Phylogenetic analysis and divergence time
We conducted phylogenetic analyses using ML, NJ, MP, and BI based on five distinct data sets, such as complete plastomes, to examine evolutionary relationships between Tetraena and Zygophyllum species and preliminarily assess species boundaries (Fig. S6), 58 concatenated protein-coding genes (Fig. S7), matK gene (Fig. S8), rbcL gene (Fig. S9) and cssA gene (Fig. S10) independently. Protein-coding genes, matK, rbcL and cssA genes showed almost similar topologies in all the trees resulted from complete plastomes.

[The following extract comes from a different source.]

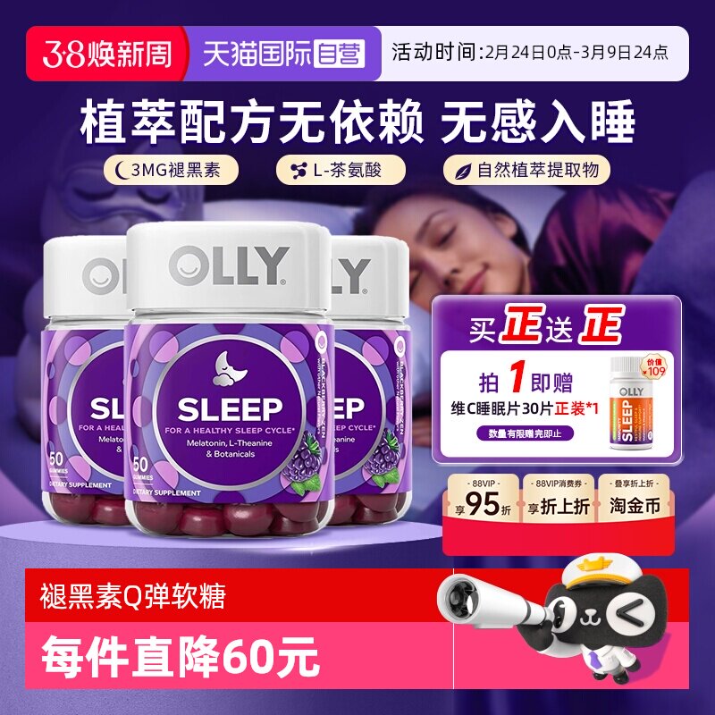 【专业睡眠保健】OLLY褪黑素安瓶软糖,富含植物萃取物,帮助您轻松入睡,提升睡眠质量。每天只需一片,即可享受高质量的夜间休息。3mg剂量,安全有效,为您的健康保驾护航。立即购买,让甜蜜的梦乡陪伴您一夜好眠。

The reconstructed phylogenies from the complete plastome (Figs. 6, S6) and shared protein-coding genes (Figs. 7, S7) datasets showed that Zygophyllum and Tetraena clustered into two main clades and Zygophyllum species were divided into two further clustered. The first Zygophyllum cluster comprised Z. kaschgaricum and Z. xanthoxylon with high bootstrap values. The second cluster was divided further into various clades. According to both trees (complete plastomes and shared protein-coding genes) Z. rosowii cluster with Z. jaxarticum and Z. pterocarpum. However, Z. fabago showed different results and Z. fabago (MK341052.1) and Z. fabago (NC_052768.1) clustered with Z. mucronatum, Z. gobicum and Z. kansuense in same clades (i). In contrast, the other Fabago species Z. fabago (MW417250.1), Z. fabago (MW551564.1) and Z. fabago (MW417249.1) are clustered with Z. macropdum in another clade (III) based on concatenated shared genes and complete plastomes. Similar results were obtained from trees based on matK, rbcL and cssA genes data sets. The Tetraena species were clustered into one clade sister to the other Zygophyllum species. Within the Tetraena species, the T. mongolica formed a monophyletic group and T. hamiensis var. qatarensis and T. simplex were clustered into one group based on complete plastomes, proteins coding genes and matK datasets. However, based on rbcL and ccsA genes T. simplex and T. hamiensis var. qatarensis were not clustered into one clade. In cssA based tree T. hamiensis var. qatarensis was clustered with T. mongolica (NC039985) while T. simplex was found in a separate clade. The L. tridentata species clustered with G. angustifolium species, and Tr. terrestris was found sister clade. The two outgroups from Krameria species had a far phylogenetic relationship to Zygophyllum. Overall, the phylogenetic trees based on the above data sets show almost the same result except for the rbcL and cssA genes, which show variation in some species.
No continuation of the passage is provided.